Not very far from the Abbey of St. victor there is the Old Port of Marseille, or as locals call it Vieux Port. This has been the natural harbor of the city since antiquity and was just a rocky cove in Mediterranean. In th 19th century the harbor had capacity of 1000-1200 ships. But during the World War II the Old Port was left in complete ruins, which reconstruction started in 1948 and nowadays it become one of the most visited places in Marseille. Here also was a water tram, which was running every 10 minutes taking people from one side of the port to the other. This was not a yacht, but still a nice experience to try, especially if you need to cross the city and are quite tired to walk a lot under the sun.

Walking through the narrow streets of Old Town, towards cozy markets, surrounded with colorful street art walls, with small and big souvenir shops that smell lavender all around, will bring you to the Marseille Cathedral (also known as Cathédrale Sainte-Marie-Majeure de Marseille or Cathédrale de la Major). This is a Roman Catholic cathedral and National Monument of France, which is the seat of the Archdiocese of Marseille. It has old and new built parts which differ with their styles. The old part was built in the 12th century in simple Romanesque style, but today only small part of it remains. The new cathedral is built in Byzantine-Roman Revival style from 1852-1896. And by the way, it was Prince Louis Napoleon Bonaparte, who laid the first stone of the new building.
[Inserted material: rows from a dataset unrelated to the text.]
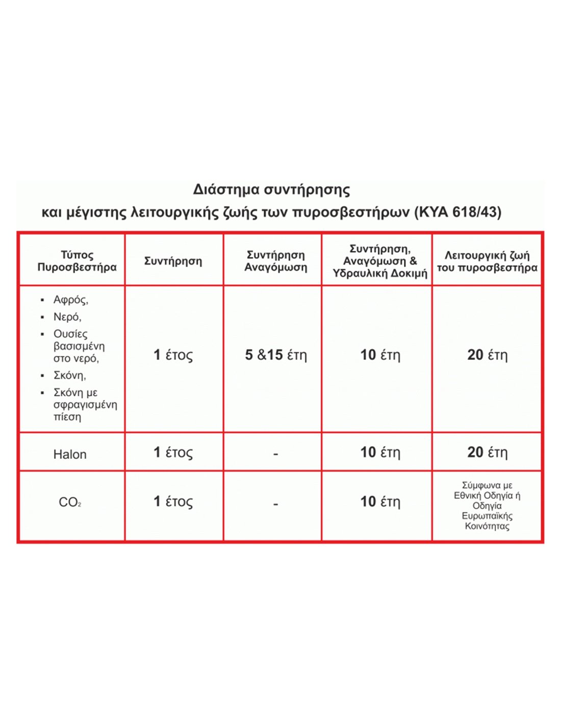 Διάστημα συντήρησης και μέγιστης ζωής των πυροσβεστήρων (ΚΥΑ 618/43)
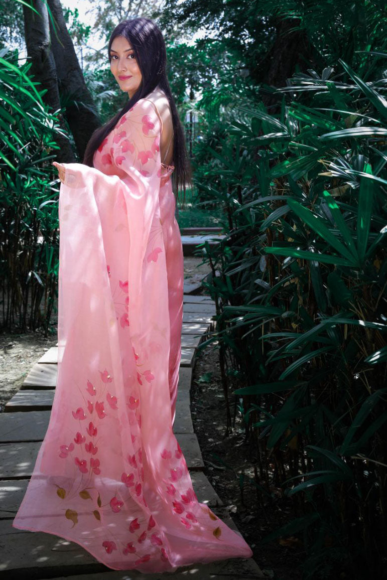 Sanjoni Hand-painted & Hand-embroidered Organza saree.
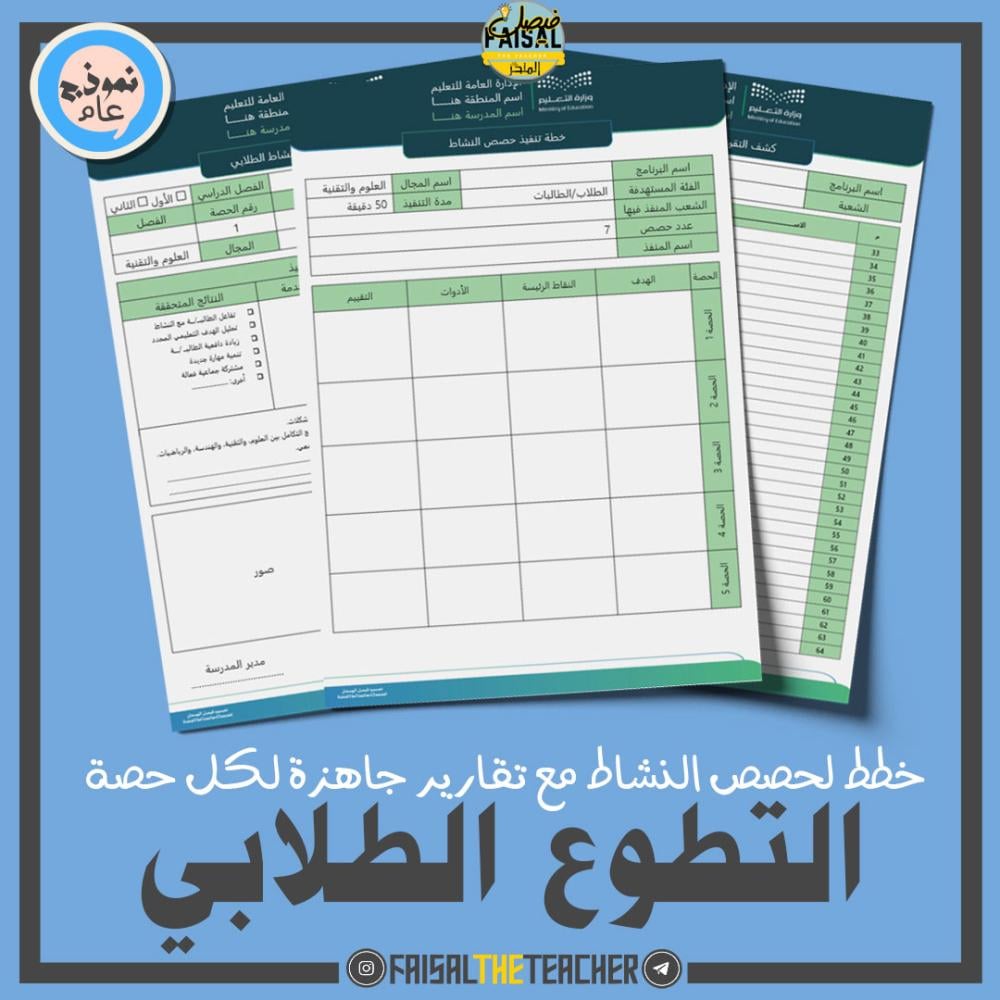 💡 خطة وتقارير حصص حصص النشاط لموضوع التطوع الطلابي في مجال المواطنة والحياة

Unfortunately the Cathedral was closed when we arrived there, but even from outside to make a circle around was worth it. The Cathedral was huge, 142m long and is one of the largest cathedrals in France, with a capacity of 3000 seats. The unique architecture inspires with a dramatic entrance with two bell towers from the facade side. But it is easy to recognize the difference of styles used in the building. This place is a must see in Marseille for its magnificent look and impressive view to the sea due to its location. Some people (mainly Armenians, or the ones, who have any relation with Armenians) will recognize the Cathedral which was on the backstage of the poster of one of the most famous movies about Armenian Genocide “Mayrig”, made by French-Armenian filmmaker Henri Verneuil, where Claudia Cardinale and Omar Sharif were starred. 
On the way back to the bus station there were still many nice markets with local specialties, such as lavender and olive. In this markets you could find any kind of things, like soaps and cosmetic oils from lavender, which is the “visit card” of Provence. But what was the discovery of the day was the chocolate and some other sweets made from olive oil. There was a nice sweet market, where you could also have a seat and relax, where they had a big variety of sweets, which ingredient was olive oil. The woman working there was explaining us how this all was made and was giving some pieces to try. I should confess, they were quite tasty and interesting. 
In general the streets of Marseille were smelling nice, with a breeze coming from the sea mixed with the smell of lavender. The only thing you should pay attention is your safety, as there were a lot of immigrants all around which were looking strange, and the city itself is considered to be not the safest in France. Despite of all, it is a nice place to visit, but surely our time wasn’t enough to visit all the nicest places here. So if you’re going to visit one of the most famous cities of France, take in mind to book more than a day here, to have better experience and more time to explore the city of Marseille. Maybe another time I will also have that chance. Let’s see 🙂
But here our stories are not ending. We still have more and more places to discover together!